Moby-Dick

This is about the quest of Captain Ahab, a man consumed by his obsession with a legendary, giant white whale, Moby Dick. As the ship sails into dangerous waters, The captain's hysterical pursuit becomes a symbol for the inherent, often destructive, nature of human ambition. "Moby-Dick" is not merely a tale of daring do; it is a profound meditation on the human condition itself. It can be read as part thriller, part sea adventure and part allegory.

About the series

The finest editions available of the world's greatest classics from Homer to Achebe, Tolstoy to Ishiguro, Proust to Pullman, printed on a fine acid-free, cream-wove paper that will not discolour with age, with sewn, full cloth bindings and silk ribbon markers, and at remarkably low prices.
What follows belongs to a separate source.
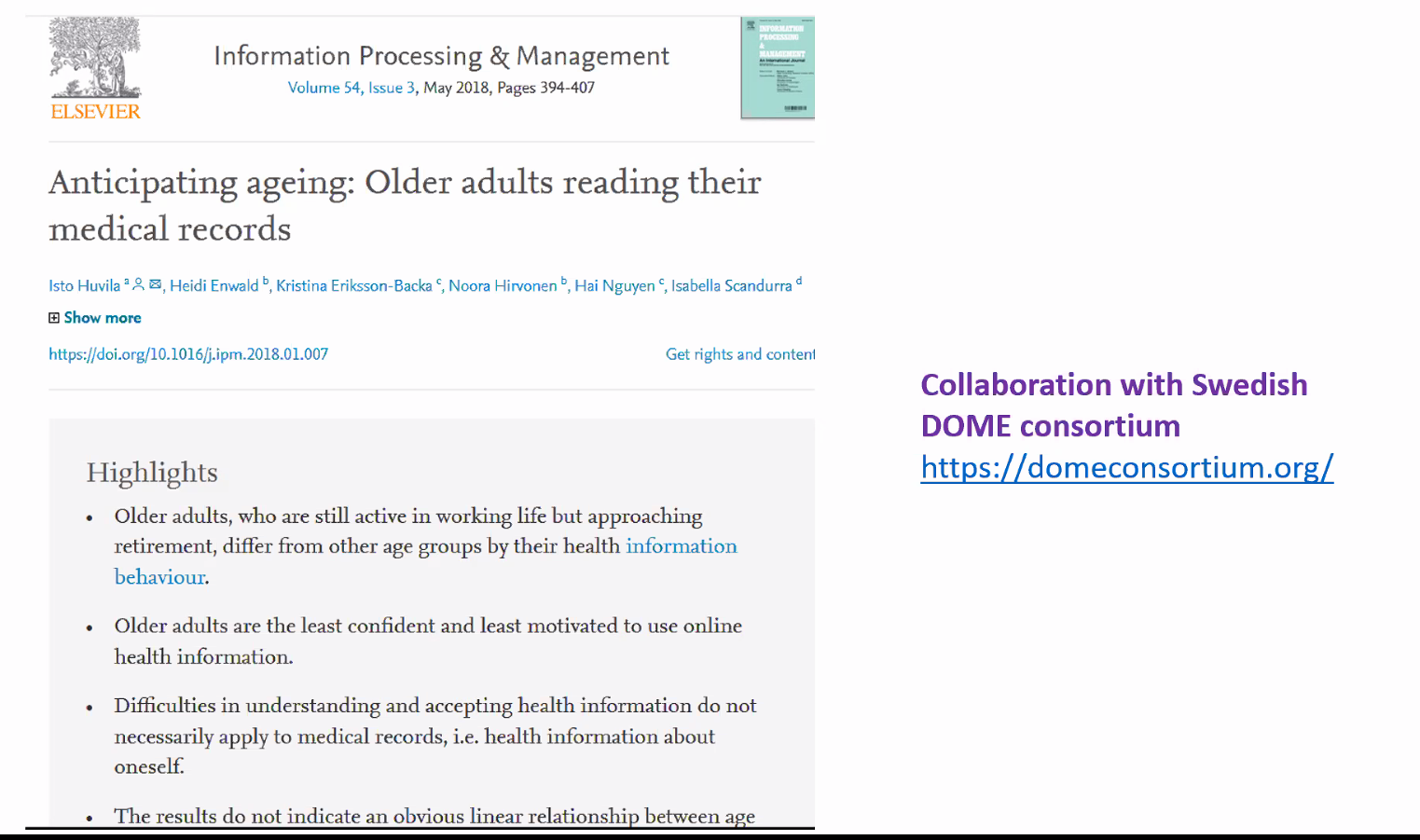 Heidi Enwald; Kristina Eriksson-Backa; Noora Hirvonen; Isto Huvila: Taking health information behaviour into account in user-centered design of e-health services – key findings from an ongoing research project

All books include substantial introductions by major scholars and contemporary writers, and comparative chronologies of literary and historical context.

About Herman Melville

Herman Melville (1819-91) became in his late twenties a highly successful author of exotic novels based on his experiences as a sailor - writing in quick succession Typee, Omoo, Redburn and White-Jacket. However, his masterpiece Moby-Dick was met with incomprehension and the other later works which are now the basis of his reputation, such as Bartleby, the Scrivener and The Confidence-Man, were failures. Melville stopped writing fiction and the rest of his long life was spent first as a lecturer and then, for nineteen years, as a customs official in New York City. He was also the author of the immensely long poem Clarel, which was similarly dismissed. At the end of his life he wrote Billy Budd, Sailor which was published posthumously in 1924.